The use of proceeds from this transaction are for general corporate purposes, as approved from time to time by the Board of Directors (the “Board”), which approval must include approval by a majority of the directors that have been designated by Privet.

 

In connection with the execution of the Purchase Agreement, the Company entered into an Investor Rights Agreement with Privet and Mr. Steffens (the “Investors”), granting the Investors the right to require the Company to file with the Securities and Exchange Commission up to four requested registration statements to register for resale the Investors’ shares of common stock purchased under the Purchase Agreement and purchased upon exercise of any of the Warrants (the “Registrable Securities”). The Investors also are granted unlimited “piggy-back” registration rights with respect to the Registrable Securities.

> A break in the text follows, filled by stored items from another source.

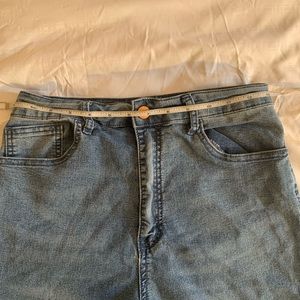 Plain medium washed denim jeans. Very stretchy material and a nice color. Great condition.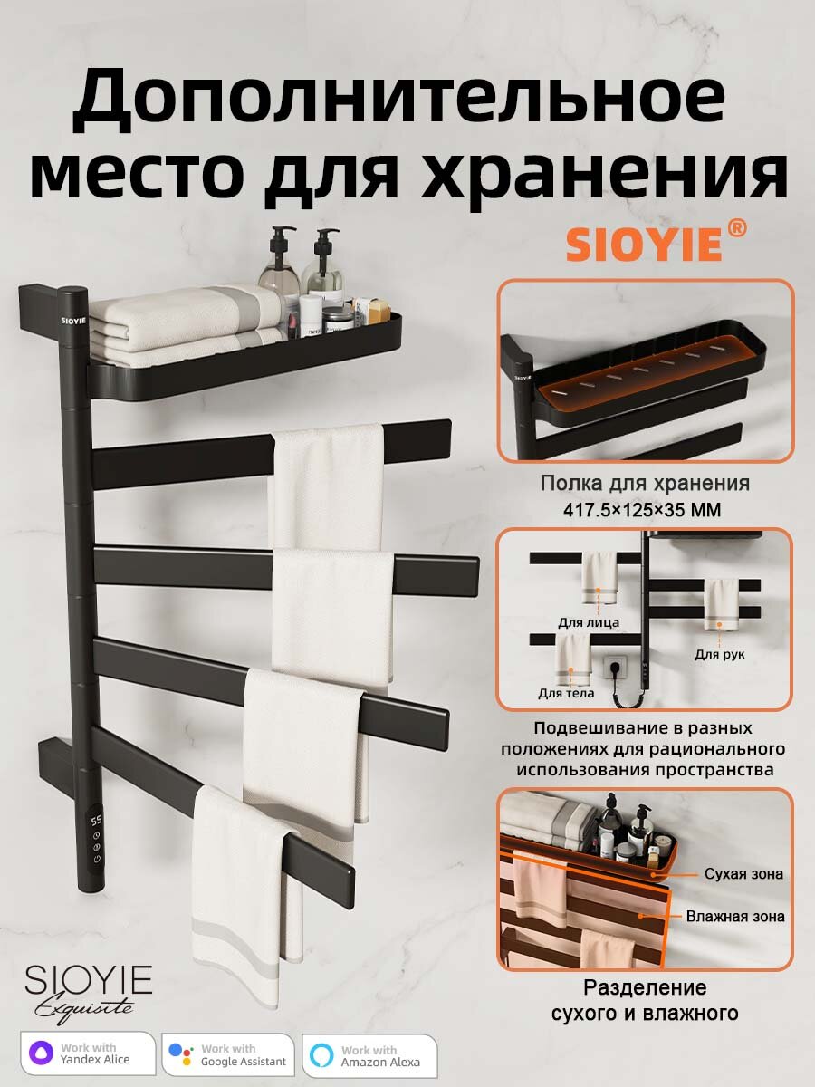 Купить Полотенцесушитель электрический поворотный SIOYIE 450мм 680мм, Wi-Fi и Алисы, нержавеющая сталь черный форма F-образная с доставкой по всей России.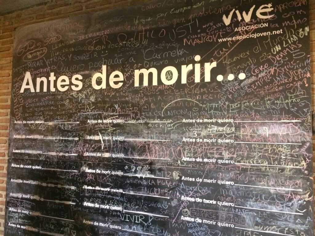 もともと英語で知ってた言葉だったけど、実物を初めて見たのがスペイン語だったので、頭の中に残っているのは英語ではなくスペイン語の Antes de morir quiero 。大袈裟かもしれないけど、迷った時、大きな決断をするときはいつもこの言葉を思い出して判断してる。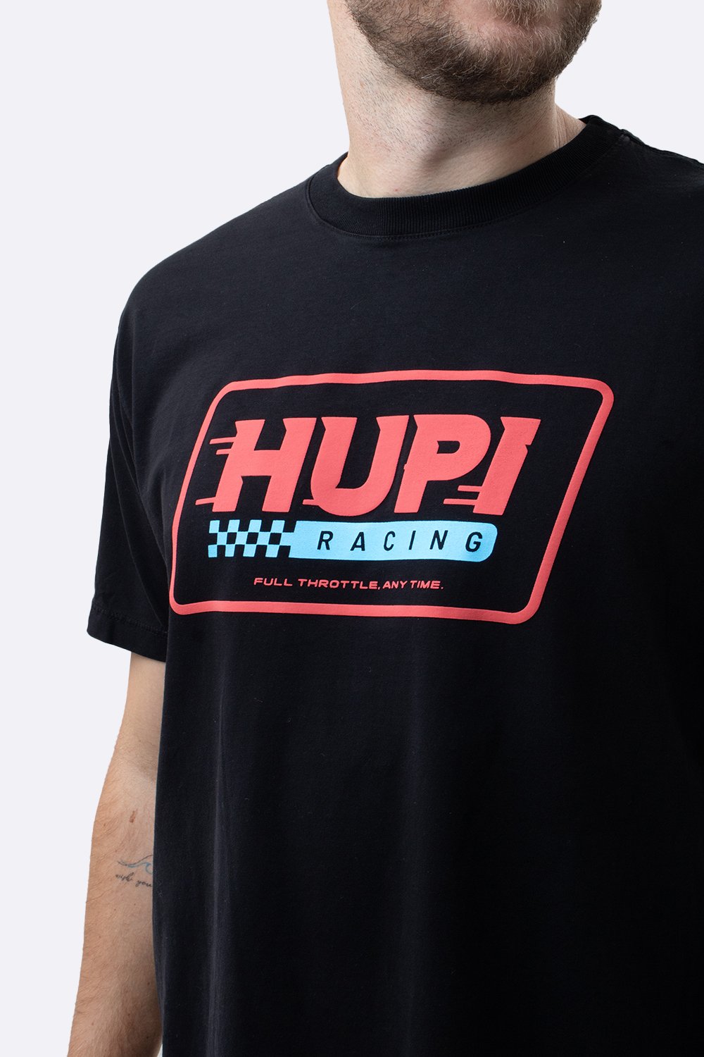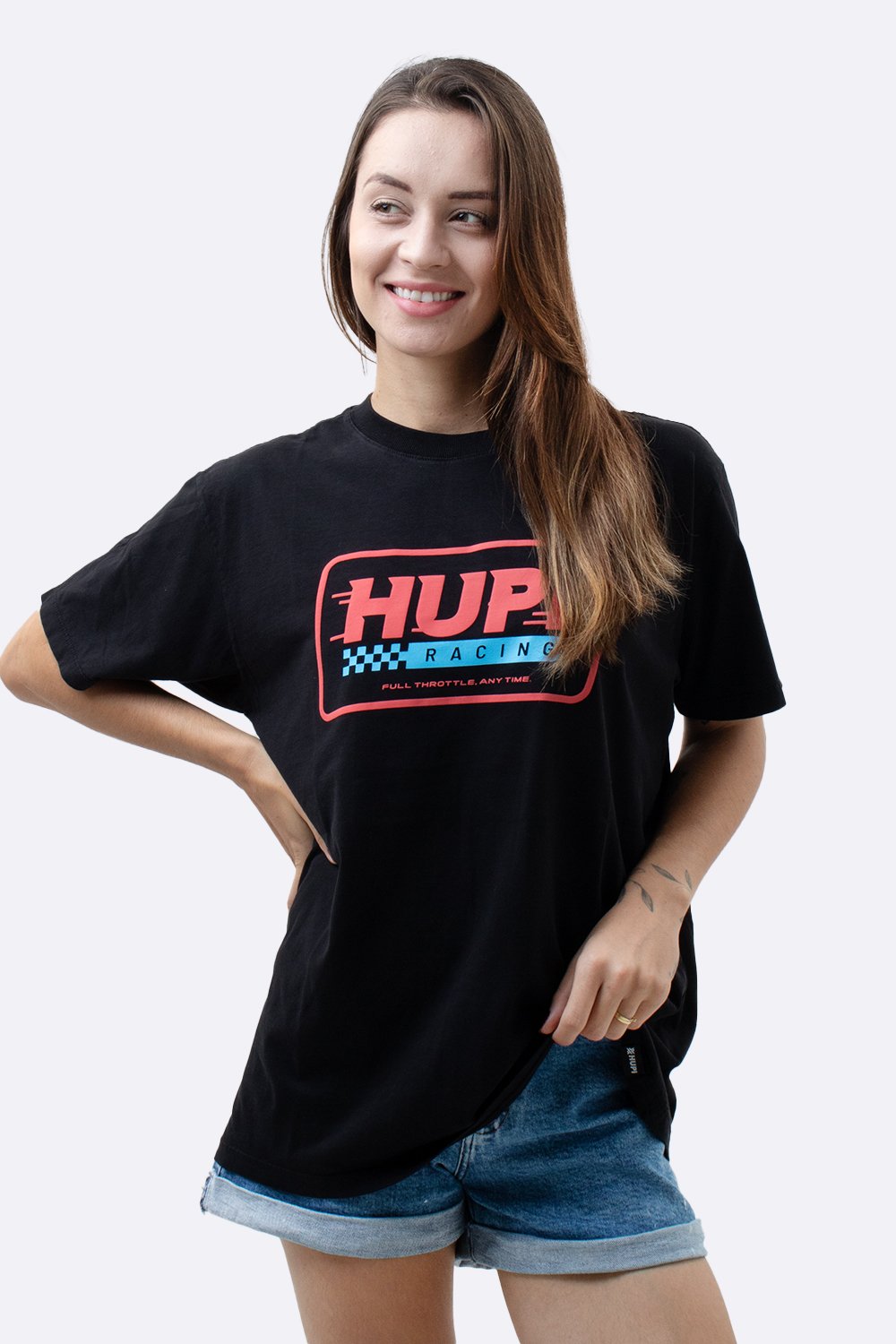 A estampa frontal apresenta o logo HUPI RACING em destaque, acompanhado da faixa quadriculada e da frase “FULL THROTTLE. ANY TIME.”, um reforço visual de que o ritmo não para.

The obligation to register the Registrable Securities continues until those securities have been sold or transferred by the holders of the registration rights or may be sold without limitation under Rule 144 or otherwise may be sold without restriction.

 

As a result of the transaction, (i) Privet became the record holder of approximately 10.1% of the outstanding and issued shares of common stock, and has the right to purchase under the Warrants an additional 149,852,778 shares of common stock which would correspondingly increase its percentage of ownership and it has the right to appoint directors, and (ii) Mr. Steffens decreased his current 65.5% ownership of the common stock of the Company to 59.3%, while retaining his current control position in the common stock.  Together Privet and Mr. Steffens, excluding the exercise of the Warrants, have a majority of the voting control of the Company.